The city's receptionist was falsely said to have a $60,000-a-year salary in the 60-page report, and in the past three days she has received an outpouring of threats and harassment over the phone. Pili said she is actually paid $8.50 an hour "plain and simple. Come and look at her pay stub if you don't believe us. She was scared to come to work. Please stop the harassments."

Council members condemned the threats to the receptionist.

The mayor also addressed the eight-day trip to Las Vegas to give a presentation to a professional rodeo association and meet rodeo sponsors -- a trip that paid off, she said. She also noted that when she travels to Washington, D.C., to facilitate federal grants to the city, she stays with family and does not bill the city for a hotel room.

The viral report accused her of using city staff to baby-sit her children and clean her home. Her assistant also is her neighbor and friend and volunteered to watch her children, after hours and without pay. Her assistant also took a day off work to help the mayor clean her home, again unpaid, Jackson said.

"I didn't realize it wasn't OK for me to have friends," she said angrily. "I'll try to refrain from that in the future."

A $25,000 Pony Express statue, which was approved by the council, was paid for by a county grant and not city taxes, officials said.

The report criticized the mayor for sending her children to an unlicensed preschool. The mayor said that until Monday, she had not know the preschool did not have a city license.

After listening to staff and elected officials give detailed facts and charts to correct the viral report, residents then lined up to ask questions, which mostly did not focus on the report. One resident said he saw city workers commuting in city trucks. Pili said two employees are required to be on call 24 hours a day, and when they are on call, they commute with city vehicles.

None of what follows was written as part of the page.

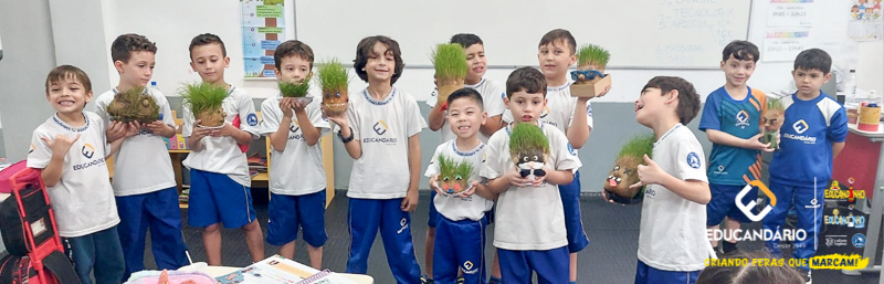 Nossos pequenos exploradores do 1º ano mergulharam no mundo das plantas! Eles aprenderam sobre o desenvolvimento das plantas de uma maneira superdivertida: fizeram bonecos de alpiste e

Another resident said that despite the details offered by the city, "I was falling asleep when you were putting those numbers up. To me it is all hogwash. I'm a little flabbergasted about where all the money is going."

Another resident said he had lost faith. Another said Pili was her neighbor and she would vouch that he is honest. Others complained that their utility bills doubled in December and January and complained that the bills were difficult to understand. Staff and elected officials said repeatedly that bills went up because of the cold weather, and that city rates have not changed.

Nearly three hours into the meeting, a former city employee said the mayor's trip to Las Vegas was not necessary and that showing charges for the rodeo in different fiscal years is "a shell game."